Recorded data:
-- Opening Marker --
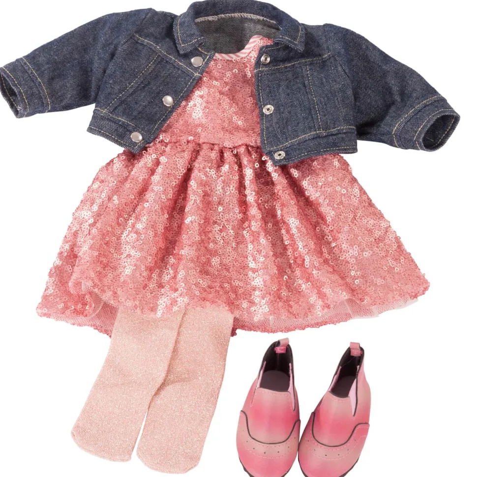 Cet ensemble est composé d’une robe Glitter à sequins roses, d’une veste imitation jean, d’une paire de collants brillants rose pâle et d’une jolie paire de chaussures assorties. Avec cette tenue, votre poupée sera la plus jolie pour sortir !
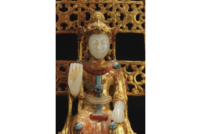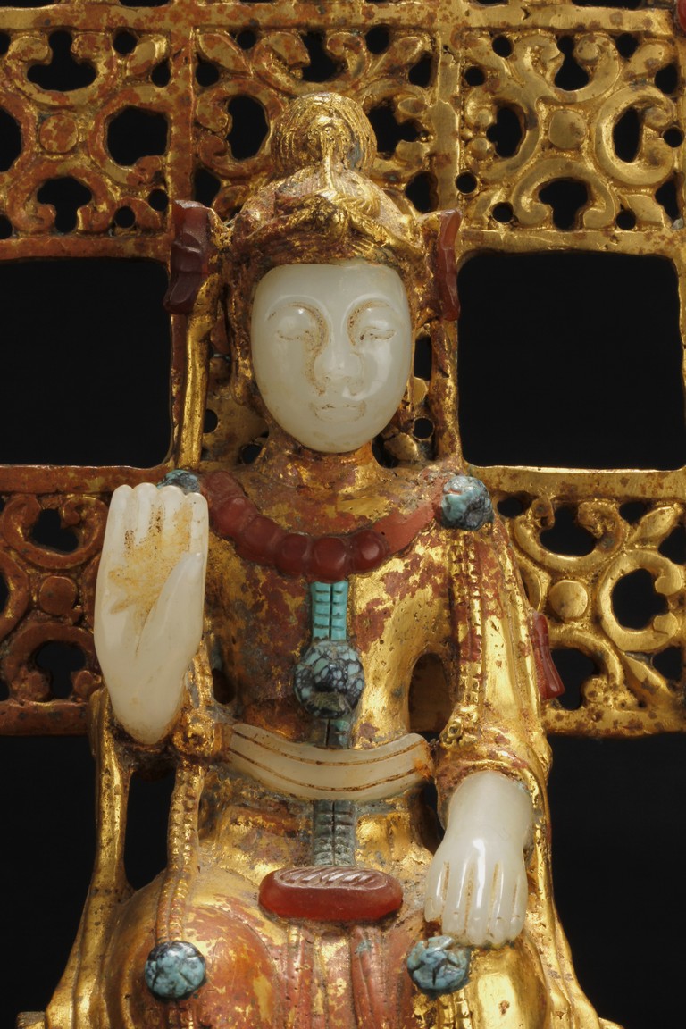 A GILD AND JADE INLAID "GUANYIN" 十九世紀初 南亞鎏金鑲玉觀音佛一尊
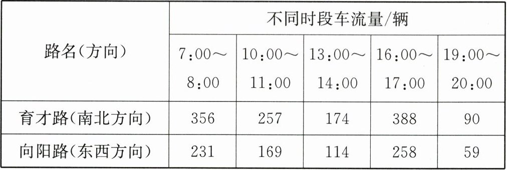 5. 某城市的育才路(南北方向)和向阳路(东西方向)相交形成一个十字路口,下面是该十字路口日常情况下某一天部分时段的车流量统计表。阅读下表,回答后面的问题。
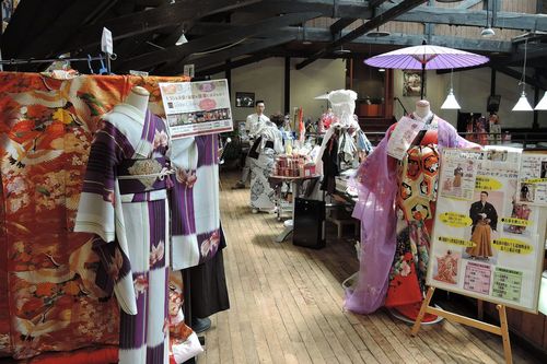 ベイエリアのはこだて明治館は、1911(明治44)年築の旧函館郵便局舎をリノベーションしたショッピングモール。その2階に、バラエティにとんだ衣装がレンタルできる和洋モダン貸衣裳館があります。服の上から着付けを行うため、支度の所要時間は約10分。
-- Closing Marker --
What you should do: Repeat every line of the data exactly, but do not include pictures.

Solution for this problem:
 Cet ensemble est composé d’une robe Glitter à sequins roses, d’une veste imitation jean, d’une paire de collants brillants rose pâle et d’une jolie paire de chaussures assorties. Avec cette tenue, votre poupée sera la plus jolie pour sortir !
 A GILD AND JADE INLAID "GUANYIN" 十九世紀初 南亞鎏金鑲玉觀音佛一尊
 5. 某城市的育才路(南北方向)和向阳路(东西方向)相交形成一个十字路口,下面是该十字路口日常情况下某一天部分时段的车流量统计表。阅读下表,回答后面的问题。
 ベイエリアのはこだて明治館は、1911(明治44)年築の旧函館郵便局舎をリノベーションしたショッピングモール。その2階に、バラエティにとんだ衣装がレンタルできる和洋モダン貸衣裳館があります。服の上から着付けを行うため、支度の所要時間は約10分。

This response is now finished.